Bioactive compounds and multitarget action mechanism of Erzhi pills in alleviating metabolic dysfunction-associated steatohepatitis

Erzhi pills (EZP), as a traditional Chinese herbal prescription, have protective effects against various forms of liver injury. However, the therapeutic potential, bioactive ingredients and mechanism of action of EZP for metabolic dysfunction-associated steatohepatitis (MASH) have not been completely elucidated.

Aim of the study: This research aimed to evaluate the therapeutic effect of EZP and its bioactive compounds on MASH.

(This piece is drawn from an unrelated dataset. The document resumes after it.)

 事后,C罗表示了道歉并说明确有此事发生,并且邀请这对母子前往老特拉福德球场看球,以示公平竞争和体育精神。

Two typical animal models of MASH, mice fed a methionine-choline-deficient (MCD) diet (representing non-obese MASH) and mice fed a high-fat and high-cholesterol diet (HFHC) (representing obese MASH), were used to investigate the effect of EZP on MASH in vivo. Transcriptomic and proteomic analysis were performed to elucidate the under lying mechanisms of EZP. The compositional analysis of EZP in MASH mice was conducted using UPLC-Q-Exactive-Orbitrap-MS. Free fatty acid (FFA)-stimulated HepG2 cells and transforming growth factor β1 (TGF-β1)-activated LX-2 cells were applied to further explore the effects and mechanisms of bioactive compounds from EZP.

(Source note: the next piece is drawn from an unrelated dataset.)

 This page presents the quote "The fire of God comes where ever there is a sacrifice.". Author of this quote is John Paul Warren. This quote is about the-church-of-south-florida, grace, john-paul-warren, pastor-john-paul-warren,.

Our results indicate that the EZP mitigates hepatic lipid buildup, insulin resistance, inflammation, apoptosis, and fibrosis in different diet-induced MASH mice. Through multiomic analyses, UPLC-Q-Exactive-Orbitrap-MS analysis and molecular docking, we have identified that EZP exerts therapeutic effects on MASH involves activation of PPARα and PI3K/AKT/FoxO1 pathways, and inhibition of NLRP3, p53, and yes-associated protein (YAP) signaling pathways.

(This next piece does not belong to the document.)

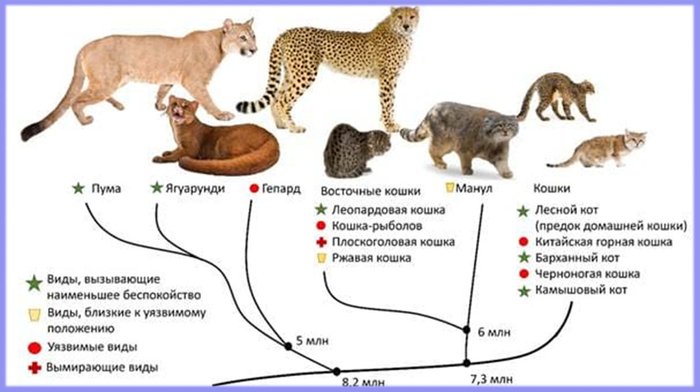 То, что манул внешне похож на домашнюю кошку – результат приспособления его вида к определенным условиям существования. Вообще, несмотря на внешнее сходство, большинство диких кошек уже настолько далеки от домашних кис, что не могут с ними скрещиваться.
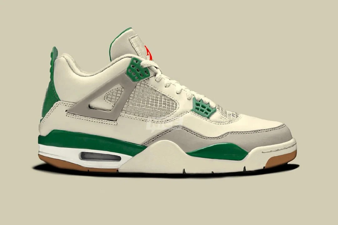 此前有一双黑色款曝光,近日全新 Nike SB x Air Jordan 4 “Pine Green”释出效果图。

It had been established that wedelolactone (wed), specnuezhenide (Spe), salidroside (Sal), and echinocystic acid-3-o-glucoside (Ech) served as the primary bioactive compounds in EZP for its therapeutic effect against MASH. In vitro experiments have confirmed that Spe, Sal, and Ech mitigate lipid accumulation by activating PPARα. Additionally, Spe and Sal improve insulin resistance through the activation of the PI3K/AKT/FoxO1 signaling pathway. Furthermore, Wed, Sal, and Ech inhibit the NLRP3 inflammasome and p53 signaling pathways, thereby reducing inflammatory markers and providing anti-apoptotic effects. Moreover, Wed and Ech inhibit the activation of hepatic stellate cells (HSCs) by blocking the YAP signaling pathway. Notably, Sal and Ech were the primary bioactive components of EZP, and their combined anti-MASH efficacy was comparable to that of EZP.

This study is the comprehensive elucidation of the active ingredients and mechanism of action behind EZP in its anti-MASH properties. EZP, as well as the combination of Sal and Ech are potential treatment for MASH that targets multiple signaling pathways.